WHAT THIS TASK INVOLVES: Repeat the data that follows in full. Do not include the pictures.

SUPPLIED INFORMATION:
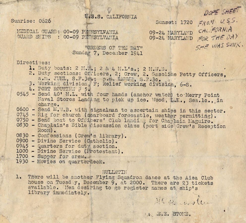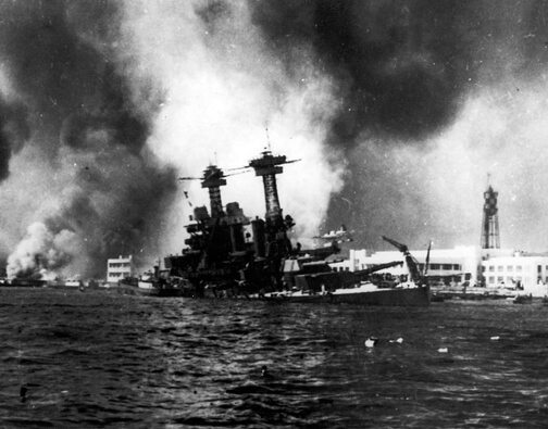 One story from this day at Pearl Harbor relates to the USS California (a battleship, pictured on the right in the aftermath of the attack). During the attack, it took three direct hits — two torpedoes and one bomb, killing about 100. It caught fire and the remainder of the crew made their way to shore before the
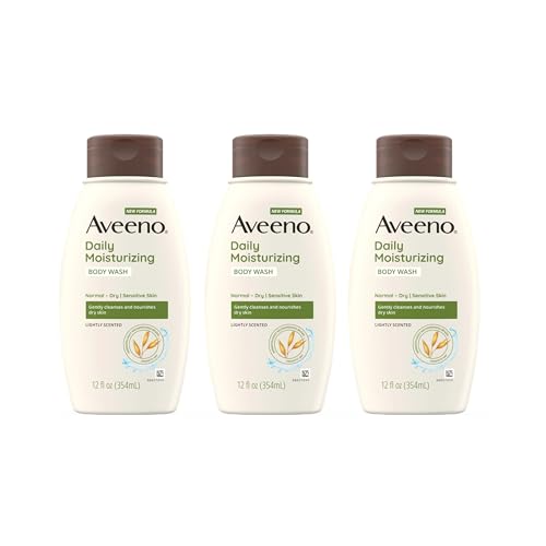 View full detailsAveeno Daily Moisturizing Body Wash, Body Wash for Dry Skin with Soothing Oat, Creamy Shower Cleanser, Gentle, Soap-Free and Dye-Free, Lightly Scented Body Wash, 33 FL OZ
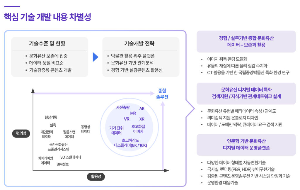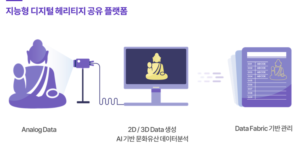 문화유산의 디지털 표준 선도를 위해 인공지능 기반 데이터 생성, 가공, 변환이 가능한 플랫폼으로, 전시/교육/콘텐츠/게임 등에서 누구나 쉽게 사용 가능한 환경을 제공하는 문화유산 공유 플랫폼입니다.

TASK ANSWER:
 One story from this day at Pearl Harbor relates to the USS California (a battleship, pictured on the right in the aftermath of the attack). During the attack, it took three direct hits — two torpedoes and one bomb, killing about 100. It caught fire and the remainder of the crew made their way to shore before the
 View full detailsAveeno Daily Moisturizing Body Wash, Body Wash for Dry Skin with Soothing Oat, Creamy Shower Cleanser, Gentle, Soap-Free and Dye-Free, Lightly Scented Body Wash, 33 FL OZ
 문화유산의 디지털 표준 선도를 위해 인공지능 기반 데이터 생성, 가공, 변환이 가능한 플랫폼으로, 전시/교육/콘텐츠/게임 등에서 누구나 쉽게 사용 가능한 환경을 제공하는 문화유산 공유 플랫폼입니다.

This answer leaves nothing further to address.